# Soil Test Results



## Tim/South (Dec 12, 2011)

I am going to post the soil test results from a newly acquired 50 acre hay lease. It has been baled with nothing put back for probably 20 years.

If anyone can decipher these results, please feel free to do so.

Soils group: 2 Loams and light clay

pH: 5.6 recommended 1.5 tons of lime per acre.

Phosphorus: VL10

Potassium: M90

Magnesium: H243

Calcium: H 1948

Recommendations:

N --- 100 pounds per acre

P2O5---100 pounds per acre

K2O---- 200 pounds per acre

Looks like I am going to drop some coins getting this field back into descent condition.


----------



## somedevildawg (Jun 20, 2011)

Typical of our fields here in the coastal plains, surprised the ph is not lower....did you put grazing or hay production for those numbers of N & k...sounds like fairly normal conditions for grazing...not too bad

We usually are recommended 400# N and 400# K for hay production.


----------



## rjmoses (Apr 4, 2010)

Tim:

How many soil samples did you get? Or is this the average?

I usually take one for every 2.5 or 5 acres so that I can get a representative average.

Ralph


----------



## Bonfire (Oct 21, 2012)

With a P of 10, it looks like a good place to spread some poultry litter.


----------



## Bob M (Feb 11, 2012)

Are you talking actual 400lbs N , and what are your hay yields?


----------



## somedevildawg (Jun 20, 2011)

Yep Bob, on one acre of land we usually average about $600 input costs.....that is NPK, lime, herbicides, insecticides.....N&K being the largest contributors.

Depending on type of Bermuda 7-10 tpa


----------



## Tim/South (Dec 12, 2011)

The soil samples were taken from various places across the land. From high places and lower drain type ground.

The land was listed as a hay field, no grazing. I would love to run cows on it for a few years. Just not an option with the owners right now.

I am trying to get the lime hauled. My trucker friend is backed up.

Also looking at getting the fertilizer blended to order. The land needs over seeding as well.
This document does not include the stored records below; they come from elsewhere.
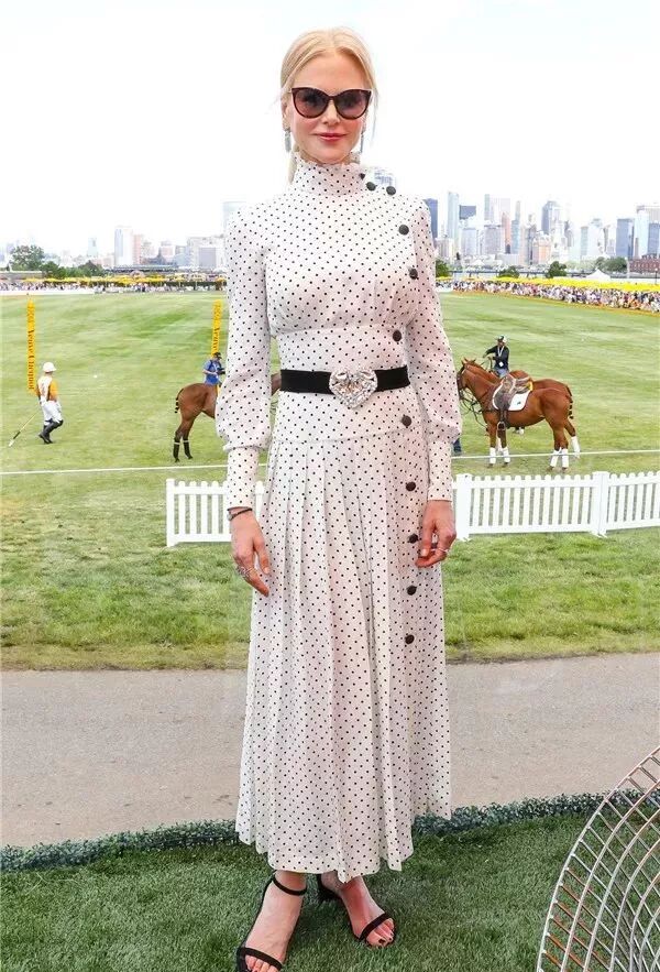 下面这款撞衫率最高的白底黑色波点裙,能驾驭的年龄跨度就比较大了。这样各个年龄层、各种风格的人都能穿出独特的时髦感,它搭配马丁靴可帅气↓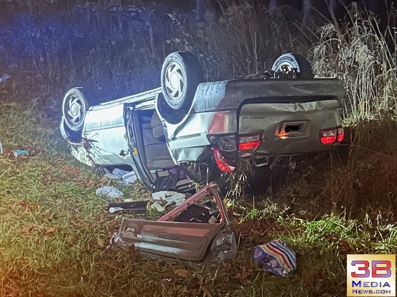 CAR OVERTURNS OFF OF HIGHWAY 70 IN CUMBERLAND COUNTY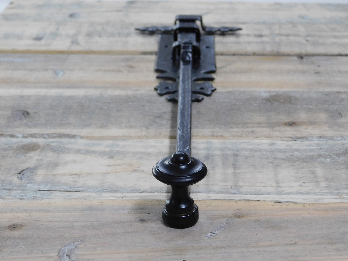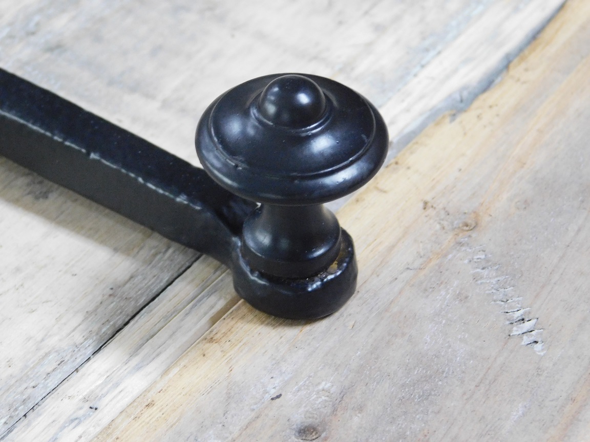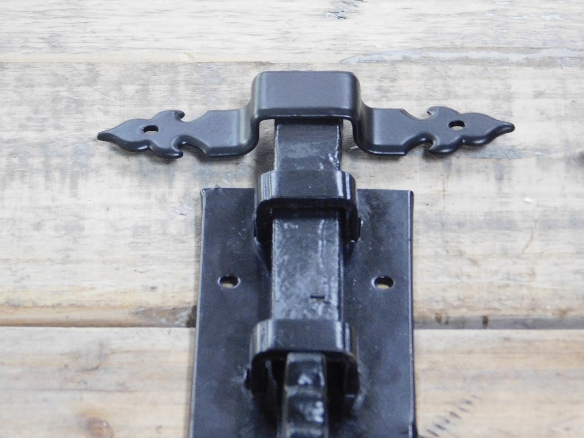 Ein großer, massiver Schiebebolzen für z. B. ein Tor. Hergestellt aus hochwertigem Schmiedeeisen mit einer attraktiven mattschwarzen Oberfläche.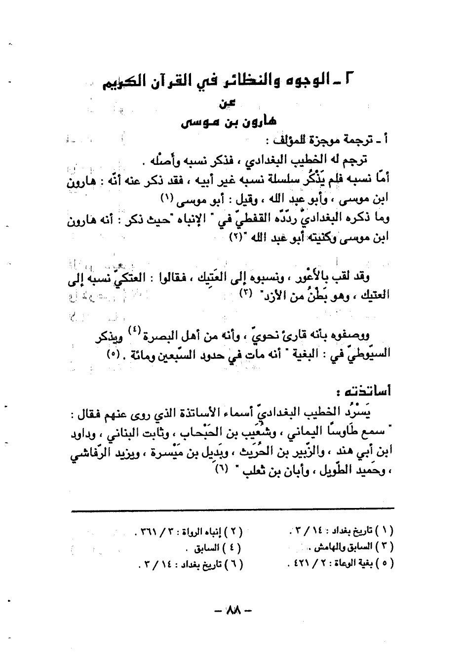 2 - الوجوه والنظائر في القرآن الكريم عن هارون بن موسى

On a different note, the pH on my home pastures and one hay field I have been working on for two years have a 7.0 and 7.1 pH. It has been a long time since I have had a test that did not suggest lime.


----------



## Hayman1 (Jul 6, 2013)

Tim/South said:


> I am going to post the soil test results from a newly acquired 50 acre hay lease. It has been baled with nothing put back for probably 20 years.
> 
> If anyone can decipher these results, please feel free to do so.
> 
> ...


How the heck do you get high mg and ca if no lime applied for 20 years and the phosphorous is that low? My assumption is that something was taken off without adequate fertilizer before the 20 years started so you don't have any P but then why would the ca and mg be high. Are you on soils from dark crystaline rocks like gabros or diabase-sticky clay subsoils?


----------



## Tim/South (Dec 12, 2011)

The soils are rich, black looking soils. I am guessing something is binding the nutrients? I am not good at reading the results. From just looking at the soil itself, it looks rich.


----------



## Hayman1 (Jul 6, 2013)

I am a soil scientist (agronomist) by training but not familiar with Alabama soils. We don't have black rich soils here, if they are gray, they are wet, real wet. However, I have seen some of those in OK and they had calcium beds under them. Not sure if you have limestone there or not but hard to figure out why you would have a pH of 7 in a humid rainy environment unless you over applied lime and you inferred that no lime has been applied for some time. I will have to leave solution to the local experts that know those soils. sorry


----------



## Tim/South (Dec 12, 2011)

The pH on the land needing lime is 5.6. Suggested 1.5 tons per acre.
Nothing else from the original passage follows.